For each subject, loudness was balanced between CI and HA by presenting short broadband noise bursts first to the HA side and then to the CI side using the procedure described in Veugen et al. (2016). The noise was presented from Position A of the simulated cafeteria scenario with a duration of 1.5 s and an initial level of 65 dB SPL. The subject was asked to increase or decrease the level of the noise burst on the CI side to match the loudness of the noise burst on the HA side. This was repeated until the subject judged the signal loudness on the CI side to be the same as for the signal on the HA side.

Study Design

In addition to the three beamformer conditions, four different spatial settings were investigated. Speech was presented from the front (speaker at Position A) of the listener with a fixed level of 65 dB SPL. The noise used in the first, second, and third scenario was a stationary noise with long-term average speech spectrum (“OlNoise”), which was presented from Positions C (left side, S0N–90), A (front, S0N0), or D (right side, S0N+90), respectively. As all subjects used an HA on the left side, and a CI on the right side, the noise was facing the HA in the S0N–90 scenario and the CI in the S0N+90 scenario. Note that these two scenarios also differ in the distance of the noises, that is, the noise source is closer to the HA (52 cm) than it is to the CI (162 cm). In the fourth spatial scenario, labeled as S0N20TB, speech was presented in multitalker babble noise. The S0N20TB was the same scenario measured in Baumgärtel et al. (2015a) and was created by convolving four soundtracks from the EUROM1 corpus (Chan et al., 1995) with each one of the sound source positions (B through F), adding to a total of 20 talkers. However, as only five tracks were available, each of the five soundtracks was reused four times.
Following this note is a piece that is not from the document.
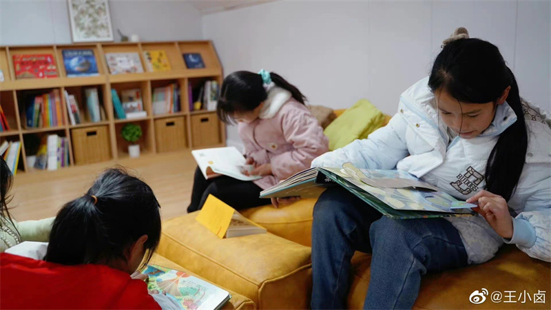 为了丰富孩子们的课余时间和文化生活,给孩子们的未来开启更多可能性,王小卤为村里的孩子们打造了一个专属的文化空间。该空间共两层,一层有供孩子们娱乐的开放空间、影音室和宝藏空间,小朋友可以在这里看电影、看纪录片、做科学小实验、玩益智游戏等等;二层是舒适的阅读空间,孩子们可以自由地选择想看的书,不仅有有趣的绘本、立体书、漫画等,帮助孩子们开拓眼界、了解外面世界的书籍;还有情商培养、兴趣启蒙、思维锻炼、趣味科普等帮助小朋友更好地认识自己、自我成长的书籍。
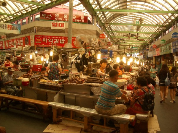 これは韓国人の一種の合理主義なのかもしれない。あるいは街づくりの潜在的ポリシーともいうべきか。街の市場は太い線となって延びていき面となり拡大していく。再開発のためにこの市場のDNAを遮断してビルを建てようとしたら、凄まじい反対運動が起きて、建てられたビルの一階の通路がそのまま市場になってしまった、という逸話まで残っている。

Prior to testing, each subject was familiarized with the OlSa speech material by administering one list of 20 OlSa sentences in quiet with both noise and speech coming from the front, that is, S0N0. Afterward, one 20-sentence list of the OlSa in the S0N0 noise scenario was used for familiarization preceding the first measurement out of the S0N–90, S0N0, or S0N+90 scenarios. Furthermore, one 20-sentence OlSa list in the S0N20TB noise scenario was used for training preceding the measurement within the S0N20TB scenario. Each combination of algorithm condition and noise scenario was measured twice (test and retest). During testing, test and retest of speech recognition within one scenario were performed in direct sequence, whereas SRTs were assessed in random order across the four noise scenarios. All measurements were performed in two sessions of maximum 2 hr distributed over two consecutive days.

Statistical Analysis

IBM SPSS Statistics version 25.0 (Armonk, NY, USA) was used for data analysis. The data were tested for normality using the Shapiro–Wilk test. Mauchly’s test was applied to check for the sphericity of the distribution of the SRTs. A three-way repeated measures analysis of variance with the factors test–retest, algorithm condition, and spatial scene was performed on the SRTs. To assess the effect of preprocessing condition and spatial scenario, a two-way repeated measures analysis of variance with the factors preprocessing strategy (NoBF, ADM, and MVDR) and spatial scenario (S0N–90, S0N0, S0N+90, and S0N20TB) was then conducted. Greenhouse–Geisser correction was used to modify the degrees of freedom of the factors violating sphericity. After statistically significant effects were found, Bonferroni-corrected post hoc analysis t tests were applied to compare and assess benefit in speech recognition as well as SRM in the different spatial scenarios with the different algorithms by analyzing one factor at a time. The algorithm benefit (B) was defined as the difference between the SRT obtained for NoBF and SRT with the ADM or MVDR, that is, BADM = SRTNoBF – SRTADM, and BMVDR = SRTNoBF – SRTMVDR. SRM was defined as the difference between the SRT for S0N0 and the SRT for presentation of noise at the side being evaluated, that was, SRM+90 = SRT(S0N0) – SRT(S0N+90), and SRM–90 = SRT(S0N0) – SRT(S0N–90).

Results

The aim of this study was to investigate the influence of the ADM and MVDR on SRTs measured in bimodal CI users. This section presents the measured SRTs, algorithm benefit, and SRM, and their statistical analysis.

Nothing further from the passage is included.